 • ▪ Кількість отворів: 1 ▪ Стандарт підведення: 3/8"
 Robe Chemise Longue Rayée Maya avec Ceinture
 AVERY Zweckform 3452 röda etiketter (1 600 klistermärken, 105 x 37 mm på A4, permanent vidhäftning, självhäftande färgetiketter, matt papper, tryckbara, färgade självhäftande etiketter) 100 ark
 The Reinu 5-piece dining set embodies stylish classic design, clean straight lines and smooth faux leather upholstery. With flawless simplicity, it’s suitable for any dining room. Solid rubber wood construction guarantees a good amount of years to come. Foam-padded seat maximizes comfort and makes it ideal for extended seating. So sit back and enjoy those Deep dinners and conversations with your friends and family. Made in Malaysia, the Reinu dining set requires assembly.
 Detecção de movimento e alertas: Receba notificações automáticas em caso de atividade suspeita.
● ● ● ● ● ● ●
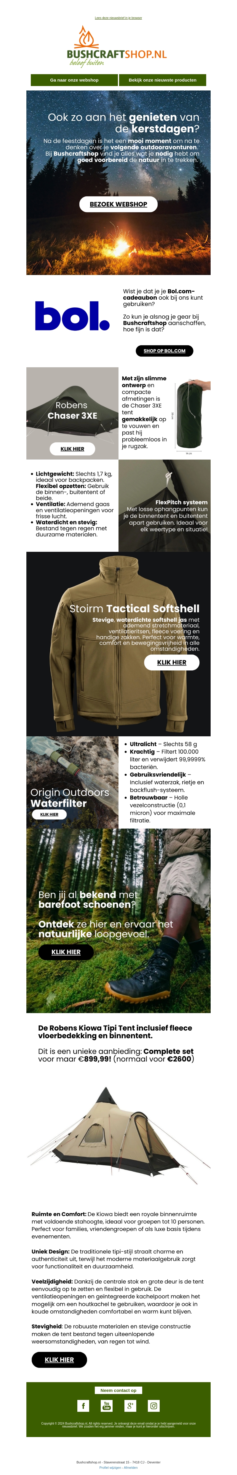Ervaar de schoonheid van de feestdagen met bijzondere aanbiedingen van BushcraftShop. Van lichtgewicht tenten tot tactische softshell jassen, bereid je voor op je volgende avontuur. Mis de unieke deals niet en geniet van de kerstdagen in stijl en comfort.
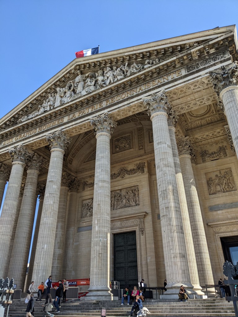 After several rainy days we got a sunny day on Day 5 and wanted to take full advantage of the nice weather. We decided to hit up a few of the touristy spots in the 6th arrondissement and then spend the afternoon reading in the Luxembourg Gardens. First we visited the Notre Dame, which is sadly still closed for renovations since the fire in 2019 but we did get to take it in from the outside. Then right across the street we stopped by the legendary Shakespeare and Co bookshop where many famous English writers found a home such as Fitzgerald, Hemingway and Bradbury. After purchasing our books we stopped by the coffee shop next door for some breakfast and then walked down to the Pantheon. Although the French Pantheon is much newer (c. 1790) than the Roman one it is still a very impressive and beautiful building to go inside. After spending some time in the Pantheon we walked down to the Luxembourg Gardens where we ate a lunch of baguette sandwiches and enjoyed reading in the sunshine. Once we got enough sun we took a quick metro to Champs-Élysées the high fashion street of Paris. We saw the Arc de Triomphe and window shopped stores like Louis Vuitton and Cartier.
● ● ● ● ● ● ●
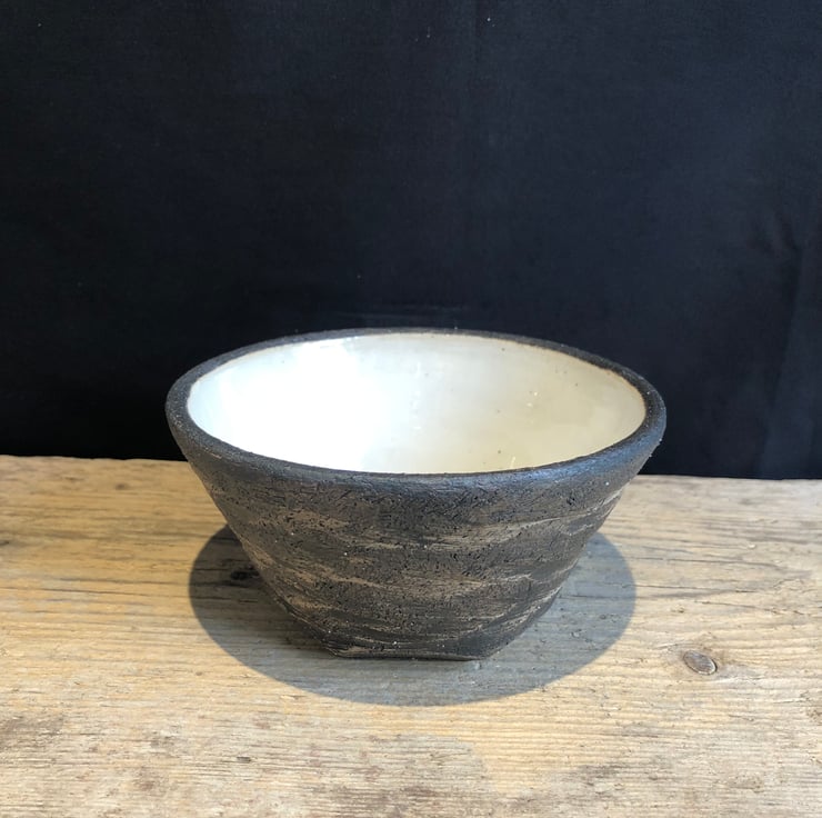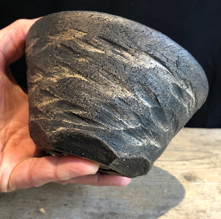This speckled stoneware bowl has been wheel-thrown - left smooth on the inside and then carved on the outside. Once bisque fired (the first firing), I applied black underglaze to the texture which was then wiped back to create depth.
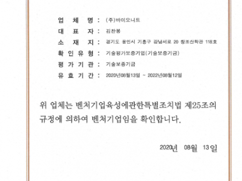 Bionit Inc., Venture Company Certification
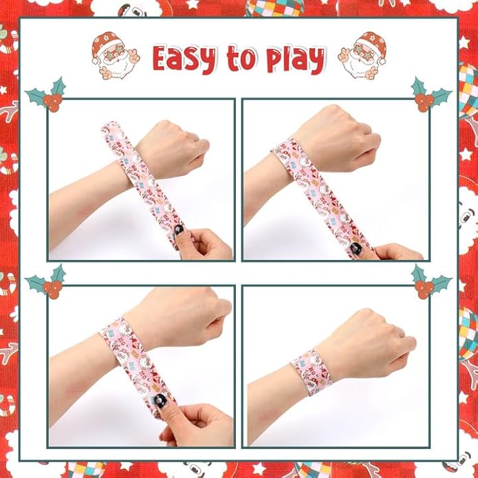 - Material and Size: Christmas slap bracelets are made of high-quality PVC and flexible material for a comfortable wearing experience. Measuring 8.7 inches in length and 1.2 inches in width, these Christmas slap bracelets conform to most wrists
● ● ● ● ● ● ●
■ Aim of the task: Your answer should be the exact lines above from the one with "The Reinu 5-piece" through the one with "Detecção de movimento", both included, and nothing besides.

■ Solution:
 The Reinu 5-piece dining set embodies stylish classic design, clean straight lines and smooth faux leather upholstery. With flawless simplicity, it’s suitable for any dining room. Solid rubber wood construction guarantees a good amount of years to come. Foam-padded seat maximizes comfort and makes it ideal for extended seating. So sit back and enjoy those Deep dinners and conversations with your friends and family. Made in Malaysia, the Reinu dining set requires assembly.
 Detecção de movimento e alertas: Receba notificações automáticas em caso de atividade suspeita.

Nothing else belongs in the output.